▶ [DATA EXTRACTS]

-------------------------

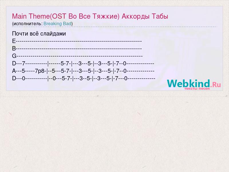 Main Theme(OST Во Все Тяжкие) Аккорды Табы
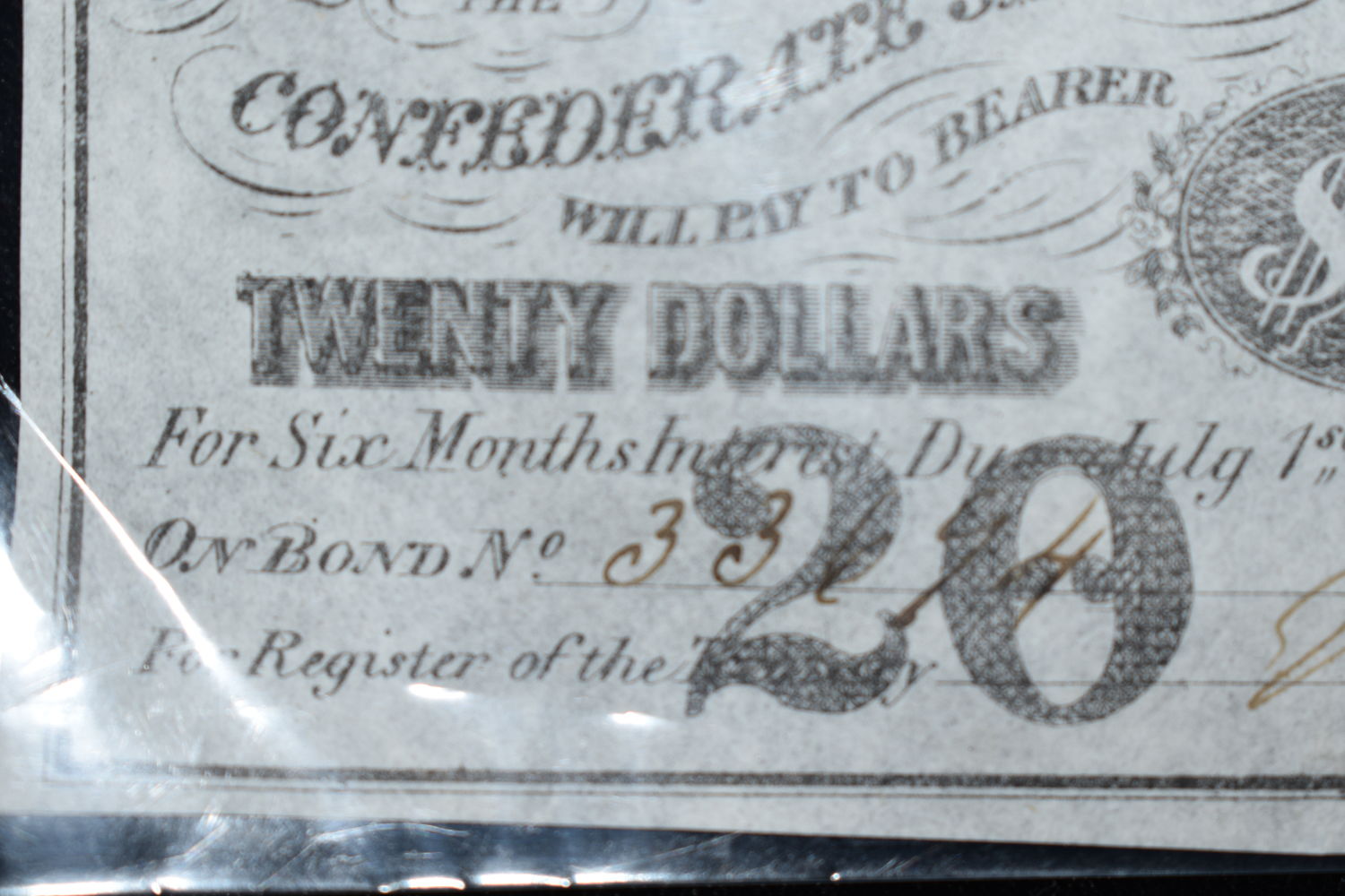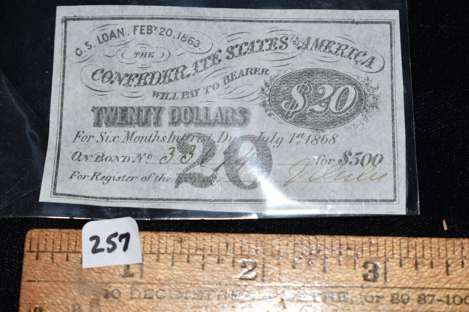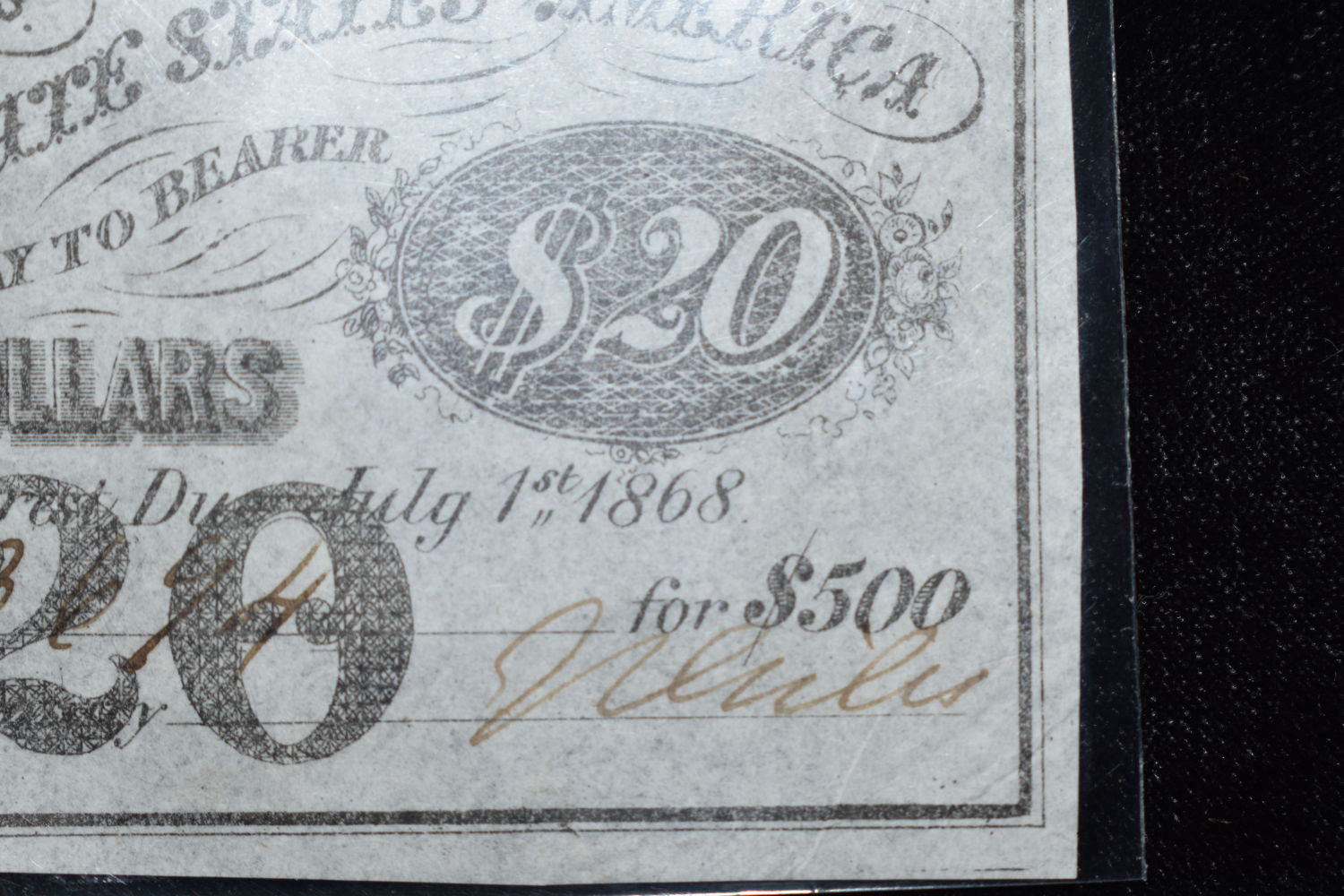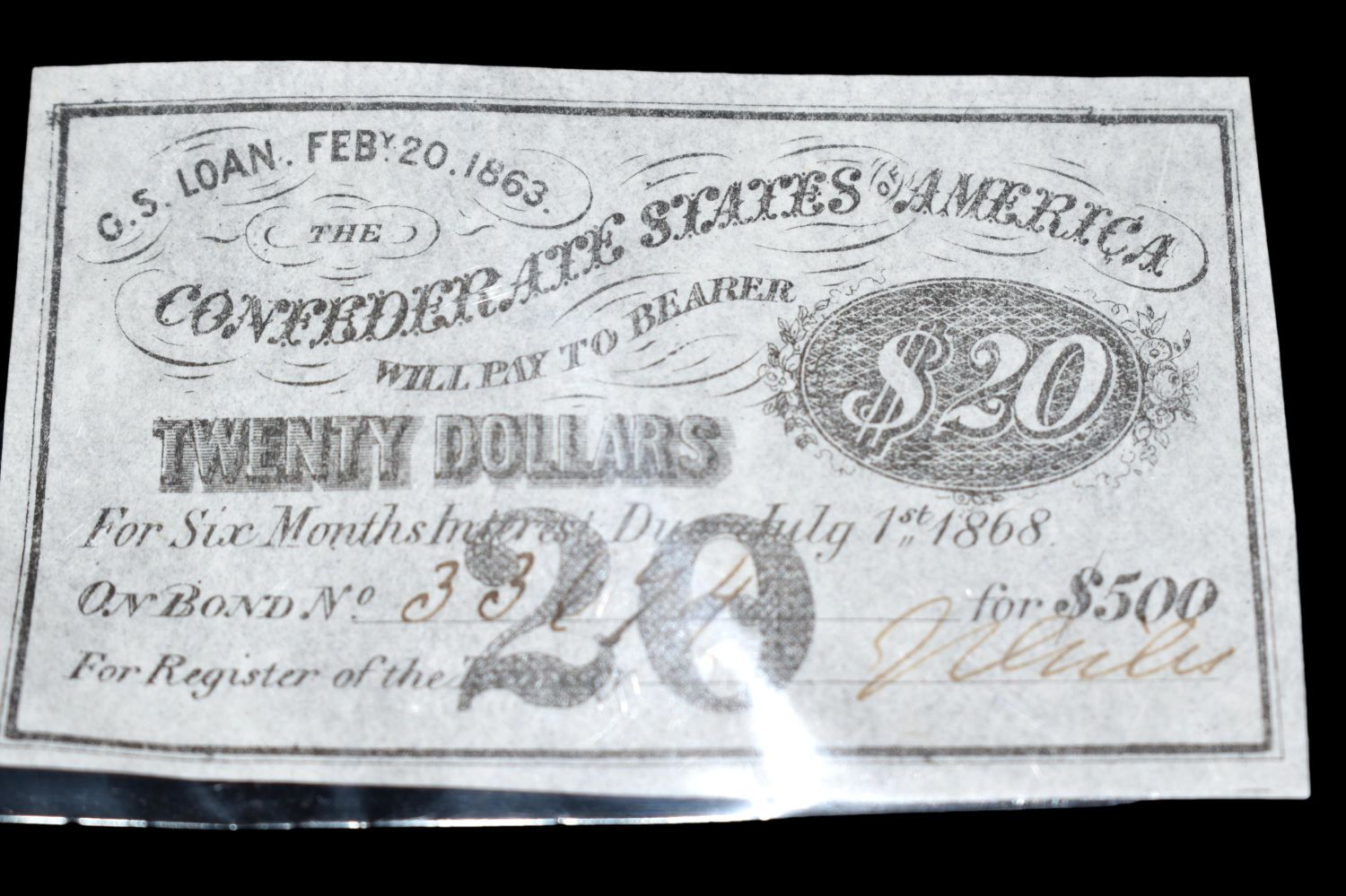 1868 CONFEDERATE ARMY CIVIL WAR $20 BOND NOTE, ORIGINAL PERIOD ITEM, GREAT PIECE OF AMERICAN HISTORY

-------------------------

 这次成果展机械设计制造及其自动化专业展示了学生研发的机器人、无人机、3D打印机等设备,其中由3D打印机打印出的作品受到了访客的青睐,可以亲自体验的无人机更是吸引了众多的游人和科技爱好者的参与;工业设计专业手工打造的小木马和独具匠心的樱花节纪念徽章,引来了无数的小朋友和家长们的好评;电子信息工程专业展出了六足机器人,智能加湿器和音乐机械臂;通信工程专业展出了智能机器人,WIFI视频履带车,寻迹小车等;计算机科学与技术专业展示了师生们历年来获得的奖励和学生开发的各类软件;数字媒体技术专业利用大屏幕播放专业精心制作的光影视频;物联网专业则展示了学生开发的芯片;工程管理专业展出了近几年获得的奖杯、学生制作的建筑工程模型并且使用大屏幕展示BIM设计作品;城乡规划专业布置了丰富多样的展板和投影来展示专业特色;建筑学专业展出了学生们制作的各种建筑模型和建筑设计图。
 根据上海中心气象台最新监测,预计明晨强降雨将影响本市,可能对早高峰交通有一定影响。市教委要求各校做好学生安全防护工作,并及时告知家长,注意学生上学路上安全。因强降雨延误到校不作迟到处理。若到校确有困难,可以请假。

-------------------------

▶ [INSTRUCTIONS TO FOLLOW] Output exactly the lines above that lie between the line with "Main Theme(OST Во Все Тяжкие) Аккорды Табы" and the line with "1868 CONFEDERATE ARMY", those two lines included, and no pictures.

▶ [RESPONSE]
 Main Theme(OST Во Все Тяжкие) Аккорды Табы
 1868 CONFEDERATE ARMY CIVIL WAR $20 BOND NOTE, ORIGINAL PERIOD ITEM, GREAT PIECE OF AMERICAN HISTORY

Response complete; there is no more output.